5. Guidance on Spinning There is a view that old Springers are more likely to be caught in low water after 1st July (when the Spring Conservation Measures end) by spinning. Rules for spinning are determined by individual beats. However particular care should be taken where a beat has different owners on opposite banks. In such cases, good etiquette is that fly fishers should have the opportunity to fish the water first and only when this opportunity has passed should spinning be used. Spinning should not be the method of first choice in low and clear water conditions. Where proprietors wish to do so, they can restrict spinning on their beats to comparatively high and coloured water conditions, and perhaps especially in the period 1st July to 14th September (after which spinning is illegal) and when the Spring Conservation Measures are not applicable. Old spring fish, caught by any fishing method after 30th June, should be returned as they will have become coloured and increasingly mature.


The shirts are available to rods that have successfully returned fish to the water. They are supplied in recognition of a rod’s support for the Spring Salmon Conservation Measures. The Tweed Foundation is administering this part of the scheme and will receive a donation from every shirt ordered.

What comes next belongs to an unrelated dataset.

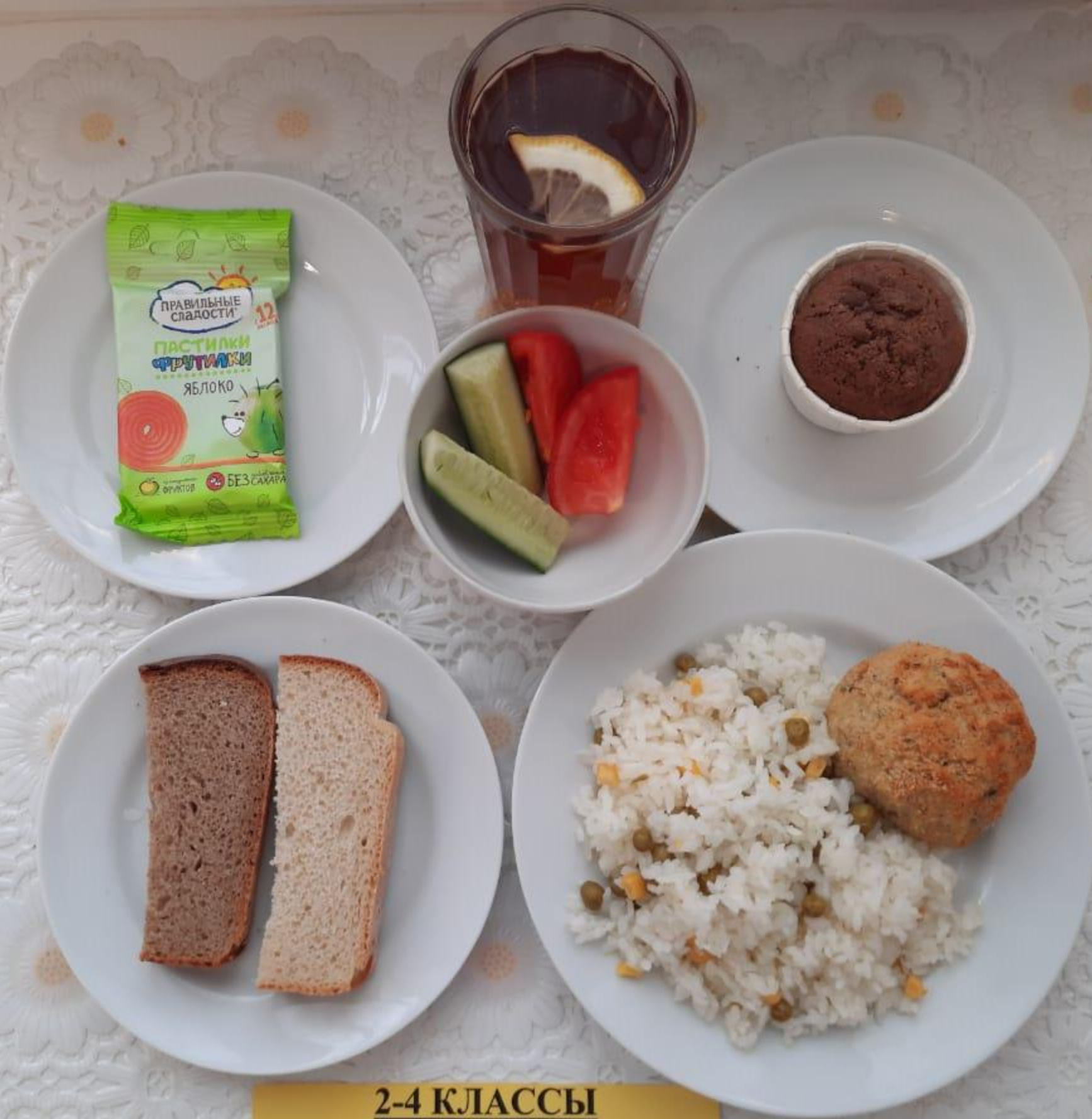
2-4 КЛАССЫ БЕСПЛАТНОЕ ПИТАНИЕ (1СМЕНА)

The shirt scheme will operate as follows:

1. Rods may continue to request a sweatshirt or poloshirt up to twice a season provided that they have successfully returned a Springer to the water on each occasion and it has survived.

2. The shirts will continue to be emblazoned with the logo and the scheme year and there will be no colour option. However, they are no longer free: a charge is made for the shirt, post & packing, and a donation to The Tweed Foundation. As the cost may vary from time to time, the price is clearly advertised on this order form.

3. All orders must be made on this Order Form and the ROD must submit the form to The Tweed Foundation (countersigned by the beat).

4. The Tweed Foundation will process orders once a fortnight. So, for example, a rod ordering a shirt in mid March can expect to receive it by mid April.

5. Any forms that are illegible or incomplete cannot be processed.

6. The closing date for receipt of order forms is two weeks after the end of the scheme (which closes on 30th June). No claim forms will be accepted or processed after that time.